[DATASET ENTRIES — start]

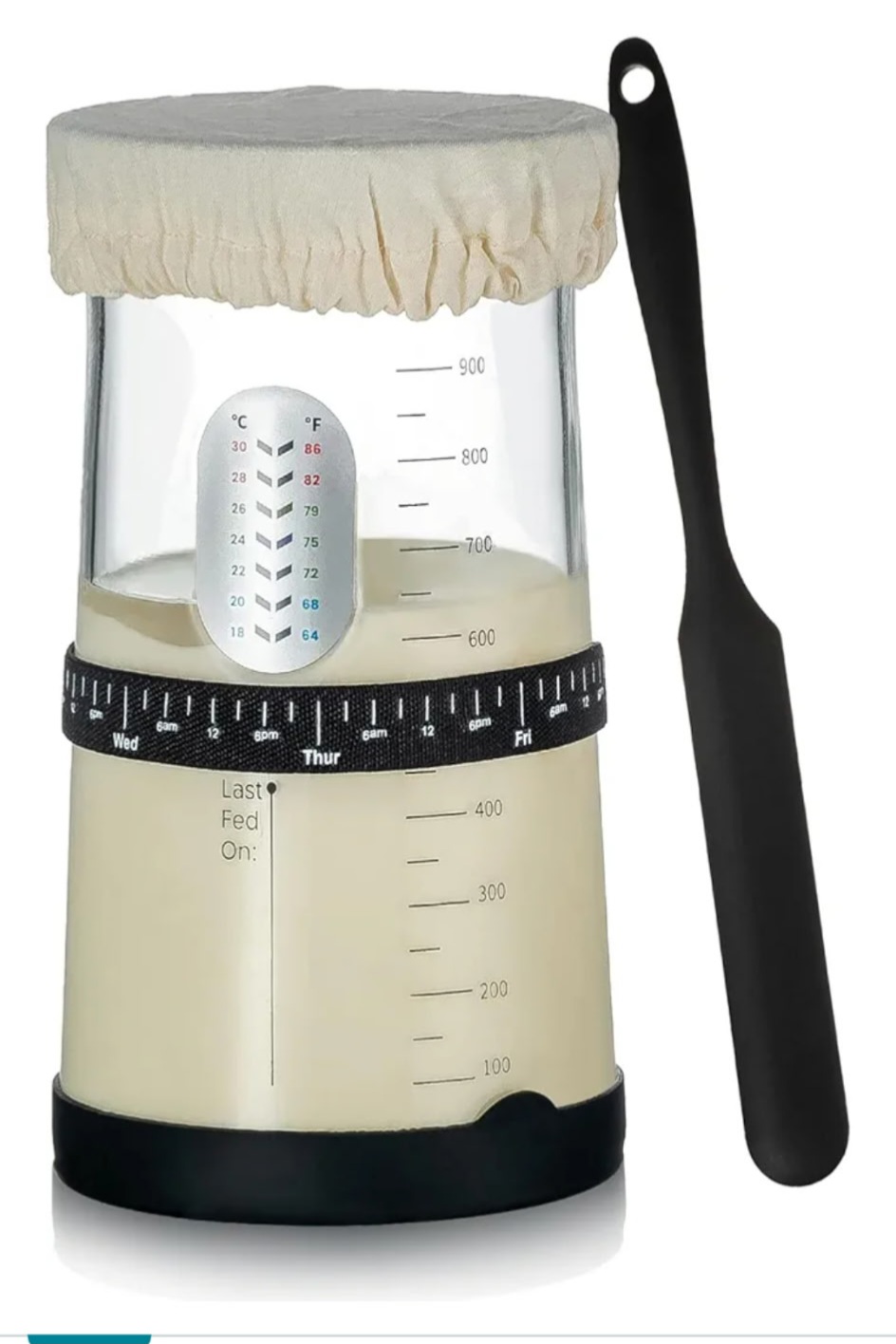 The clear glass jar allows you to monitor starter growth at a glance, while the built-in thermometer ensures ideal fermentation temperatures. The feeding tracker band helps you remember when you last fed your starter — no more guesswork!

[DATASET ENTRIES — finish]
[DATASET ENTRIES — start]

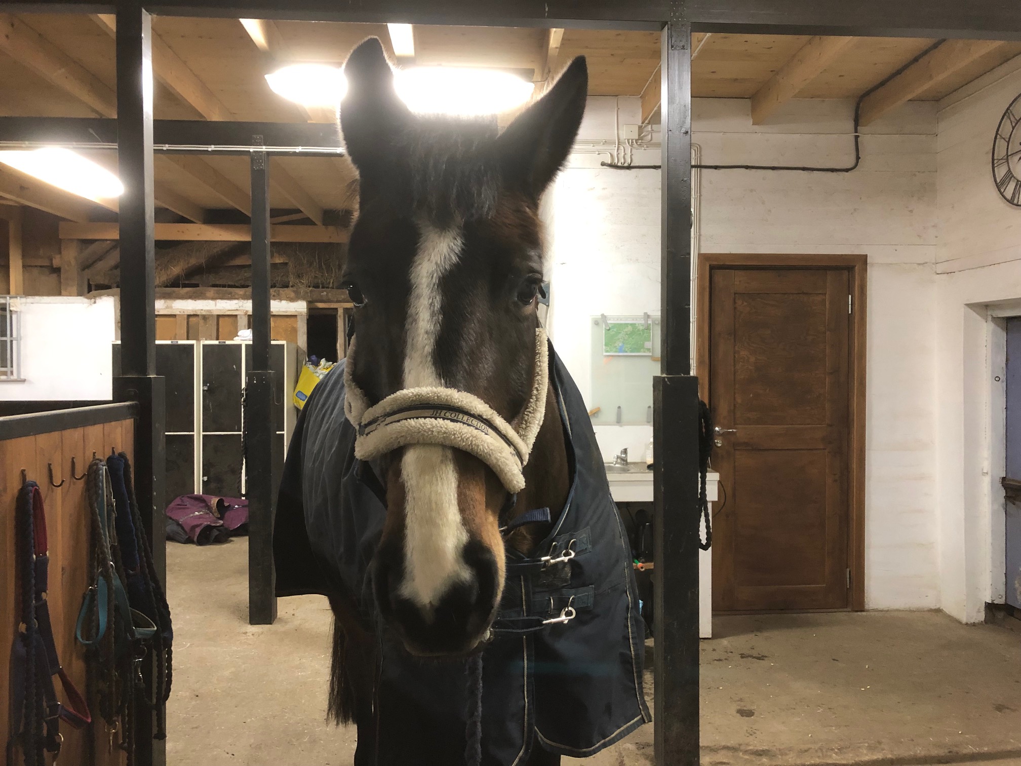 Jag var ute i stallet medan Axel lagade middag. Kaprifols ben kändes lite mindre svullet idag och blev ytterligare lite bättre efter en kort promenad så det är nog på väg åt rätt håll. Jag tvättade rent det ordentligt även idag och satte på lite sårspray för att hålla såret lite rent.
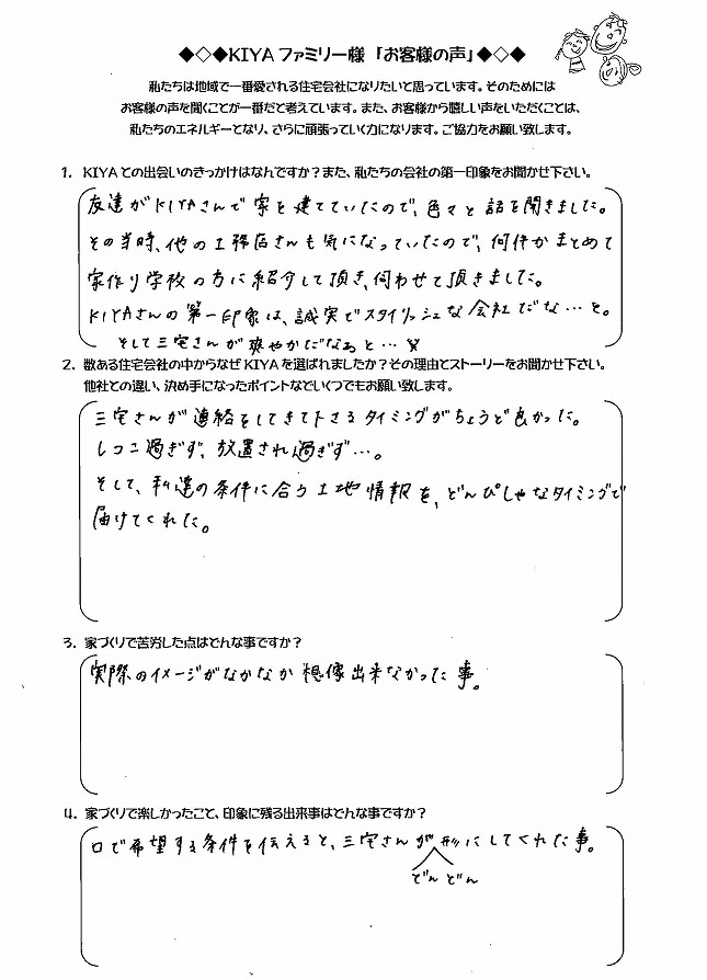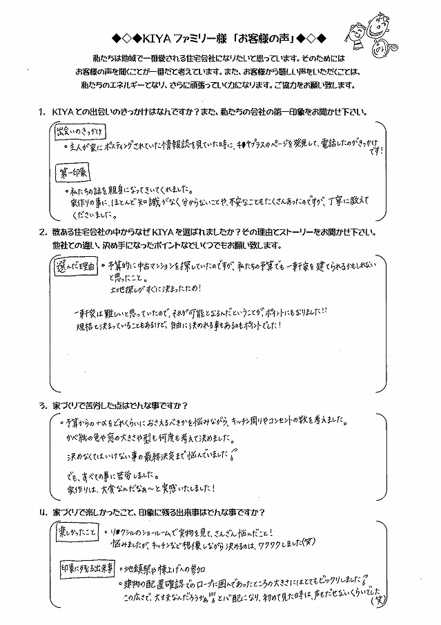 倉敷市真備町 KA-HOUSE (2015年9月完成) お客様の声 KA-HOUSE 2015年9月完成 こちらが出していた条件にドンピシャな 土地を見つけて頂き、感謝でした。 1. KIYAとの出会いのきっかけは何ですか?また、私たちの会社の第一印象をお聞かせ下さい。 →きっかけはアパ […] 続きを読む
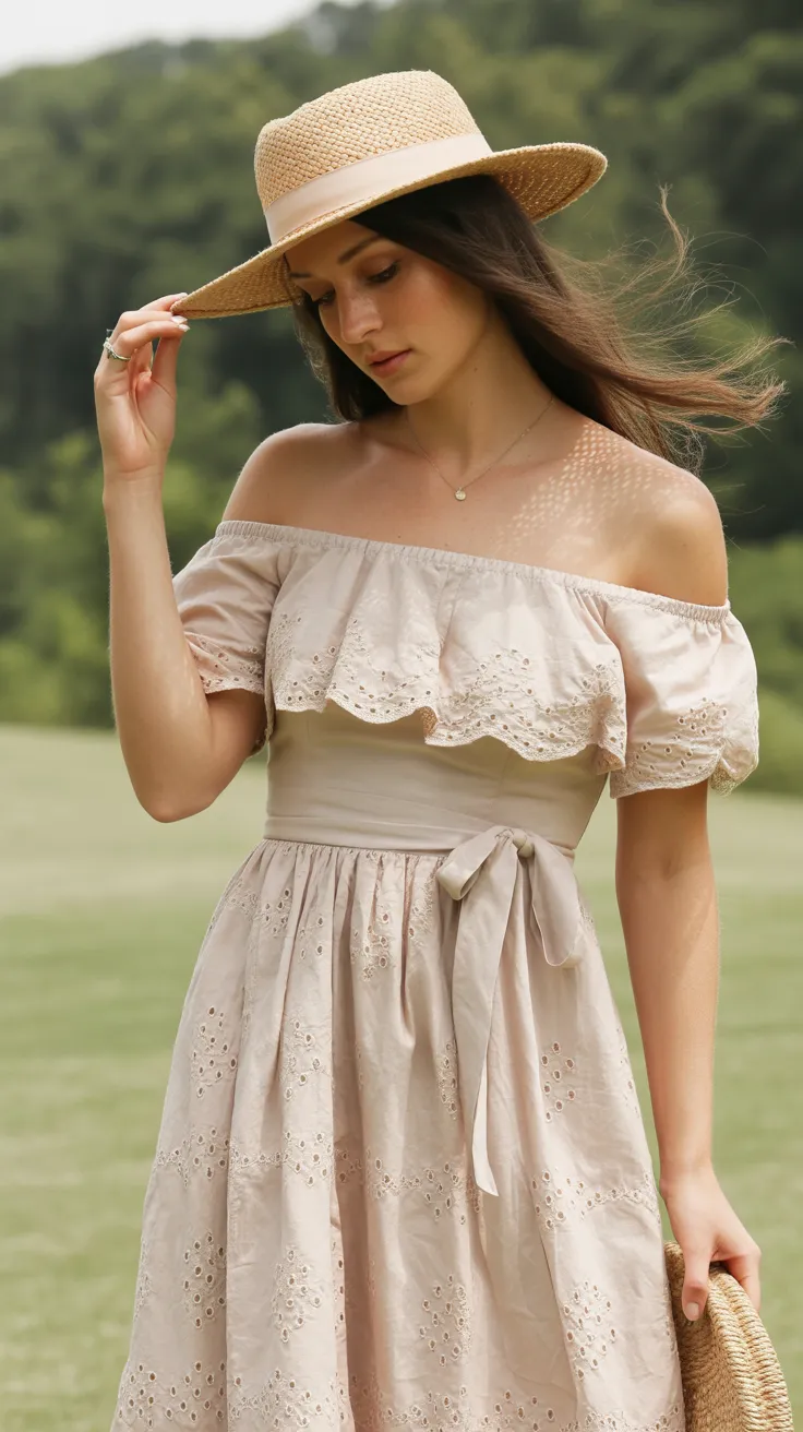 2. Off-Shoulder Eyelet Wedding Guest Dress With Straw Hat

[DATASET ENTRIES — finish]

## ACTIVITY
Transcribe only the lines above that start at the line containing "倉敷市真備町 KA-HOUSE (2015年9月完成)" and end at the line containing "2. Off-Shoulder Eyelet". Omit pictures.

## REPLY
 倉敷市真備町 KA-HOUSE (2015年9月完成) お客様の声 KA-HOUSE 2015年9月完成 こちらが出していた条件にドンピシャな 土地を見つけて頂き、感謝でした。 1. KIYAとの出会いのきっかけは何ですか?また、私たちの会社の第一印象をお聞かせ下さい。 →きっかけはアパ […] 続きを読む
 2. Off-Shoulder Eyelet Wedding Guest Dress With Straw Hat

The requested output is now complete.